The SLC System is incorporated into the American Society of Mechanical Engineers (ASME) Boiler and Pressure Vessel Code Inservice Inspection (ISI) and Inservice Testing (IST) Programs as required by 10 CFR 50.55a, "Codes and standards." The 2130-07-20448 Page 14 of 22 SLC System function (i.e., injection of sodium pentaborate during LOCA conditions) and the components described herein are scoped into the Maintenance Rule Program in accordance with 10 CFR 50.65.
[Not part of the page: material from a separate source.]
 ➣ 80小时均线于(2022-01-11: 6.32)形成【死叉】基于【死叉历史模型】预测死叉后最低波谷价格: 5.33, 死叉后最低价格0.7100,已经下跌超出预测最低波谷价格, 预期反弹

The SLC System is not currently subject to the requirements of 10 CFR 50.49, "Environmental qualification of electric equipment important to safety for nuclear power plants," since it does not provide any design function to accidents that would cause a harsh environment. Oyster Creek was designed and built prior to the implementation of 10 CFR 50, Appendix A, "General Design Criteria for Nuclear Power Plants." As part of the application for a Full Term Operating License, the design of Oyster Creek, was evaluated against the requirements of 10 CFR 50.34, Appendix A, "General Design Criteria for Nuclear Power Plants," in effect on July 7, 1971. This evaluation was submitted as Amendment No. 68 to the original Facility Description and Safety Analysis Report (FDSAR). Conformance with NRC General Design Criteria for Oyster Creek has also been established as part of the Systematic Evaluation Program detailed in NRC NUREG-0822, and summarized in the UFSAR Sections 1.10 and 3.1. The design capability of the Oyster Creek SLC System has been reviewed and accepted by the NRC in the Safety Evaluation Report for License Amendment No. 124, dated July 14, 1988. The design basis of the SLC System is described in Section 9.3.5 of the Oyster Creek UFSAR.

b. Describe proposed changes to plant procedures that implement SLC sodium pentaborate injection as a pH control additive and associated operator training.

Response

The Emergency Operating Procedures (EOPs) and Severe Accident Management Guidelines (SAMGs) at Oyster Creek will be changed to direct the Operators to manually initiate the Liquid Poison System under either of the following conditions:

• Non-ATWS Events - Reactor Pressure Vessel (RPV) water level cannot be restored and maintained above Minimum Steam Cooling RPV Water Level (MSCRWL)

• ATWS Events - RPV water level cannot be restored and maintained above the Minimum Steam Cooling RPV Water Level (MSCRWL)

Oyster Creek EOP Support Procedure 7 provides specific guidance to the Operators on operation of the Liquid Poison System for RPV water level control. This procedure will be revised to direct the Operator to inject the entire contents of the Liquid Poison tank in the event that a LOCA is in progress.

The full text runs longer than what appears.